May 4, 1863 (Monday)
Union General John Sedgwick was a fighting man. His VI Corps had been left behind at Falmouth, while the rest of the Army of the Potomac, under Joe Hooker, attempted to outflank General Lee. Over the past three days, of course, things didn’t go as planned and the bulk of the Union Army was in a defensive position, its back against the Rapidan and Rappahannock Rivers.
Sedgwick’s Corps had crossed over into Fredericksburg, making demonstrations hoping to keep Lee’s entire Army in their trenches above and south of the town. Lee left only a division behind and went a few miles west to deal with Joe Hooker’s machinations.
After several attempts, Sedgwick was able to break the thin Rebel line at Fredericksburg, capturing Marye’s Heights, the scene of the bloodiest fighting at the December battle. Following this success, he slowly made his way towards Hooker’s Army, attempting to come in behind Lee at Chancellorsville. But it was not to be. Lee detached troops to stop him and, by nightfall, Sedgwick’s VI Corps was stood still near Salem Church.

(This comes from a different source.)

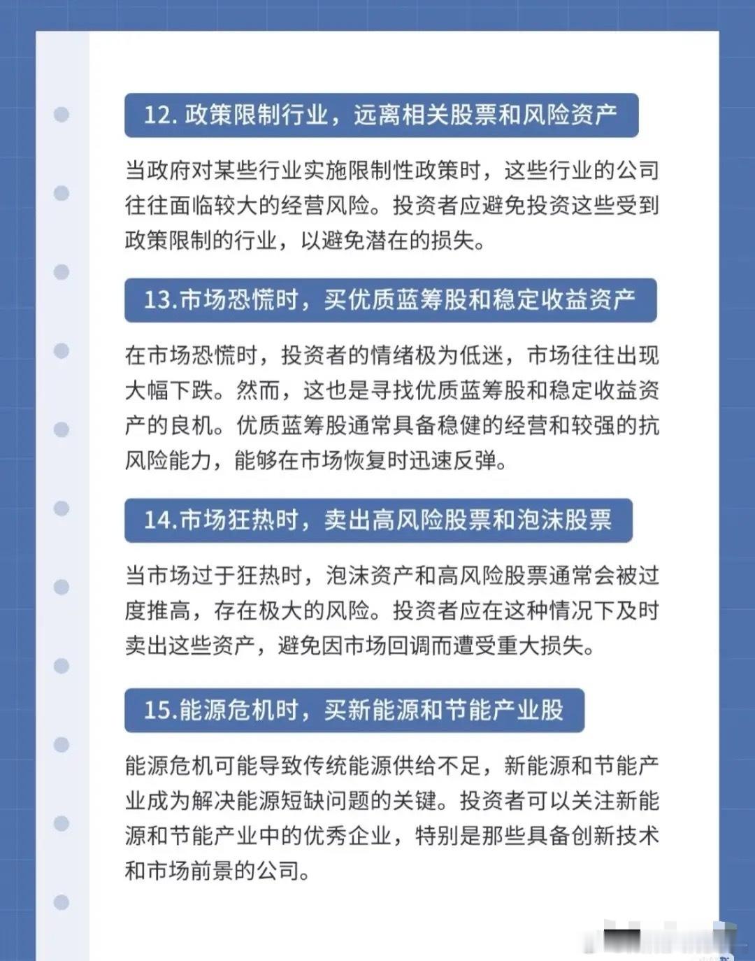 13. 市场恐慌时:是买入优质蓝筹股和稳定收益资产的好时机,这些资产抗跌性强,市场恢复时反弹空间大。
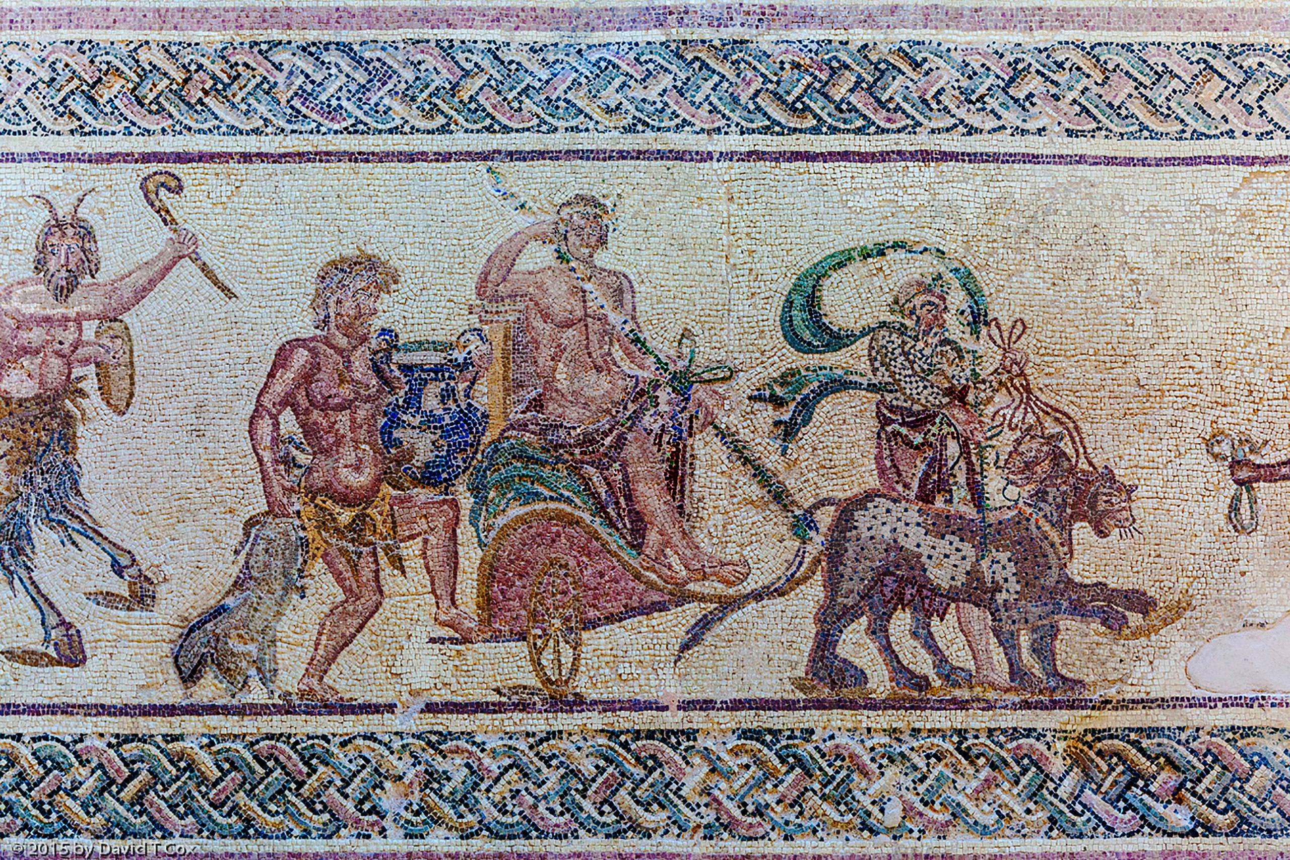 The mosaics here revolve around Dionysos, the god of wine, celebration, and transformation. Scenes such as the Triumph of Dionysos, where the god rides in procession surrounded by satyrs and musicians, were not chosen at random. They reflected Roman ideals of otium, a concept of cultivated leisure that balanced pleasure with education and self-control.

And on the morning of this date, that is where he remained. At 6:30am, Sedgwick received a message from Joe Hooker. Everything, according to the Union commander, was going well. He optimistically hoped that Lee would attack him. Hooker wished for the Confederates to dash themselves upon the rocks of his defenses. He also wanted Sedgwick to retreat towards Banks Ford on the Rappahannock should things get too hot.
Through the night, General Lee had sent reinforcements to Salem Church, hoping to keep Sedgwick confined. This was a great risk, leaving 36,000 to face Hooker’s 75,000. But Lee believed he knew his opponent wasn’t about to attack.
The previous day, Hooker suffered what was probably a concussion. Perhaps that explains why, around 8am, he wanted Sedgwick to have two brigades positioned so as to aid the main body. What 75,000 troops up against a half of their number needed with two extra brigades was anybody’s guess.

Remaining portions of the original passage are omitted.